Saturday, May 20, 2006

Teaching the First Freedoms

I had the opportunity Friday to attend a daylong instructional session on how to incorporate the principles of the First Amendment into my classroom and even around school. I am already one of just a few teachers who incorporates any instruction of the First Amendment at all, so I have a base of knowledge and a framework to build on.

The session was held at Central Washington University as part of its yearlong First Amendment Festival. The instructor was Sam Chaltain, formerly of the First Amendment Schools program and now on special assignment with the Knight Foundation. It was, appropriately, free.

Most of the participants were professors from CWU’s Communication Department, yet there were a handful of college students and high school teachers, including me and one colleague from my own English Department.

In his opening lecture, Chaltain noted that educators must create the context and culture for learning and active citizenship. The First Amendment (as well as the 14th) provides opportunities to make curriculum more active through discussions and participation.

Opening the second session, participants listed several statements that summarized the morning. I listed a few in my notes:
We must help kids to acquire the skills they need to attain visibility, and we need to help them understand why visibility matters. Every student needs to find not only his or her voice but also a forum to speak without interruption and a chance to listen to the ideas of another.
We must provide meaningful opportunities for students to practice freedom responsibly. Students must learn to balance freedom with responsibility, and we must create a chance for that to take place.
We must balance individual rights with civic responsibilities. One of the most important ideas about the First Amendment is that we should guard the rights of others in order to fully appreciate our own.

In the exercise of freedom, Chaltain said, we extend the promise of America. That statement is the essential point that all educators -- especially those in public schools -- must remember and must work toward because everything else is based on it. The promise of America cannot be an empty one. It must be reachable and real for every citizen -- every person -- in order to live up to the dream of the founders.

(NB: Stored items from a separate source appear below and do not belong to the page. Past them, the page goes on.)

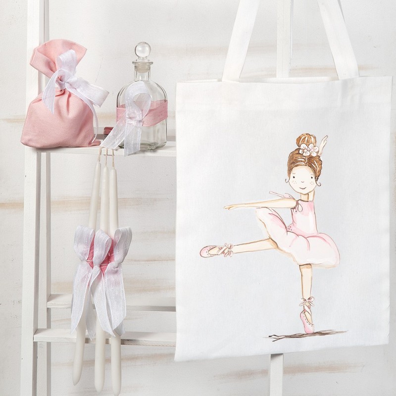 • Ζωγραφιστή υφασμάτινη τσάντα με 3 κεριά,σαπούνι και μπουκάλι λαδιού στολισμένα σε ροζ,λευκές αποχρώσεις. Η τσάντα είναι ζωγραφιστή στο μπροστινό κομμάτι με θέμα μικρή μπαλαρίνα που χορεύει. Διάστ.: 35 x 41 x 70 cm.
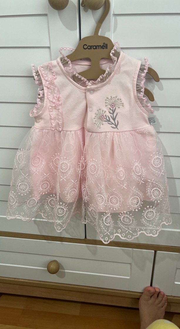 Dantel detaylı, nakış işlemeli, askısız ve kolsuz pembe bebek elbisesi. Miniborn marka, 6-9 aylık sadece bir kez giyilmiştir.
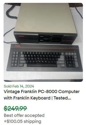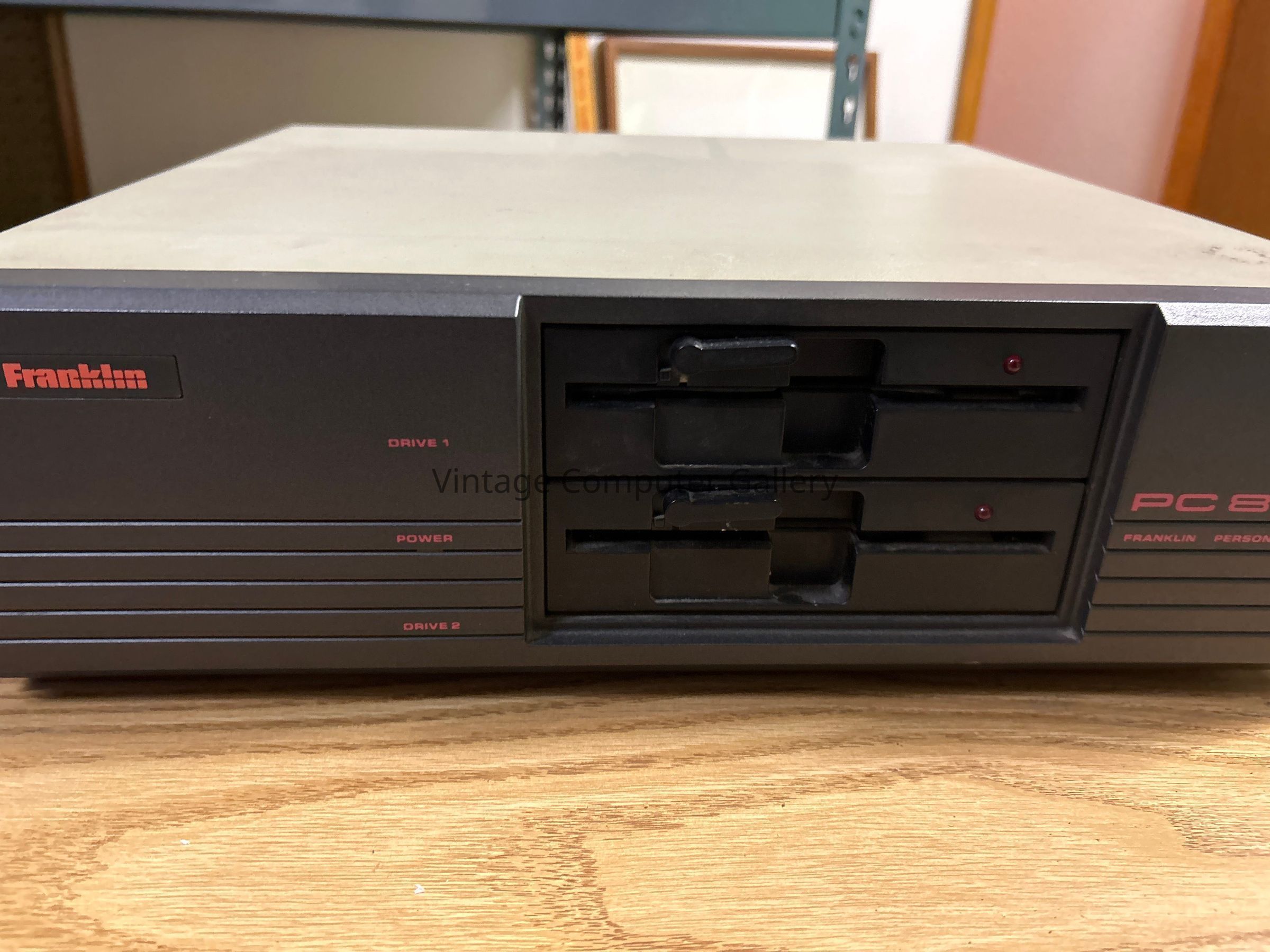 1986- Before Apple forced Franklin out of the desktop computer market entirely, the company released three PC compatible systems, the PC-5000 (picture), PC-6000 and PC-8000. Both were quite similar, based on the Intel 8088. Depending on the versions, they had 512 to 640 KB of RAM, one or two 360 KB floppy drives, standard serial and parallel ports, but also built-in game port, composite video and audio outputs. With the loss of its desktop computer business, Franklin concentrated on its handheld line, which was introduced in 1986. In the years since, Franklin has sold handheld computers that acted as personal organizers, word processors and dictionaries.
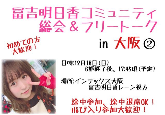 12·î18Æü¤Ë¥¤¥ó¥Æ¥Ã¥¯¥¹Âçºå¤Ç³«ºÅ¤µ¤ì¤ëAKB48¡Ö¥Ï¥¤¥Æ¥ó¥·¥ç¥ó¡×°®¼ê²ñ¤Ë¤ÆÉÚµÈÁí²ñ&¥Õ¥ê¡¼¥È¡¼¥¯¤ò¹Ô¤¤¤Þ¤¹¡£ 6Éô¼õÉÕ½ªÎ»¸å¤Î17»þ45ʬº¢¤è¤êÉÚµÈÌÀÆü¹á¥ì¡¼¥ó¸åÊý¤Ç³«»ÏͽÄê¤Ç¤¹¡£ (¾ì½ê¤¬°Üư¤¹¤ë¾ì¹ç¤â¤¢¤ê¤Þ¤¹) Áí²ñ¤ÎµÄÂê¤È¤¤¤¿¤·¤Þ¤·¤Æ ¡¦°§»¢¡¢¼«¸Ê¾Ò²ð ¡¦¹ÈÇò²Î¹çÀïÁªÈ´¤Ë¤Ä¤¤¤Æ ¡¦Ç¯²ì¾õ´ë²è¤Ë¤Ä¤¤¤Æ ¡¦9th¥·¥ó¥°¥ëÁªÈ´Æþ¤ê¤ª½Ë¤¤´ë²è¤Ä¤¤¤Æ ¡¦¥³¥ß¥å¥Ë¥Æ¥£ËºÇ¯²ñ¡¢¿·Ç¯²ñ¤Î¤ªÃΤ餻 ¡¦¤½¤Î¾ϢÍíÄ´À°»ö¹à¡¢¼ÁÌä¼õÉÕ °Ê¾å¤ÎÆâÍÆ¤òÏ¢Íí¸å¡¢Éڵȿ䤷¤Î³§¤µ¤ó¤Ç¼«Í³¤Ë¥È¡¼¥¯¤ò¤¹¤ëή¤ì¤Ë¤Ê¤ê¤Þ¤¹¡£ ½é¤á¤Æ¤ÎÊýÂç´¿·Þ

Friday’s learning was less of an instruction on the importance of the First Amendment’s words as it was a reminder to me that the mission I have is so important to live up to the ideas and values and experiences behind those words. Maybe now, after this invigorating and stimulating day, I will have colleagues join me in bringing more active learning about first freedoms to the classrooms at our school. Certainly now more than ever -- at a time when people’s knowledge and value of the First Amendment has ebbed and those in power have sought to capitalize on that -- it has become so important to foster in our youth an appreciation for first freedoms and to show how those freedoms are woven into nearly every issue of the day.

-- Issaquah, Wash.

2 comments:

Anonymous said...

Hey Logan, it's Craig. Sup dog? So I was reading your thing about the first freedoms and I couldn't help but think back to our times at C-Woo when we used to go to all those protests and stuff. Remember that time when we were like, "Dude, the Man can't take away our rights," and we started buring our bras and stuff? Ya, that was a killer rally man. Those were some crazy times. You should gimme a call sometime and maybe we can find sumthin' to protest or sumthin'.

Anonymous said...

Hey loag, that's supposed to be "burning." I know you're kind of a grammar man being an English teacher and all, but I was a little hung over when I wrote that...you of all people should know what that's like. So ya, I'll talk to you later or sumthin'.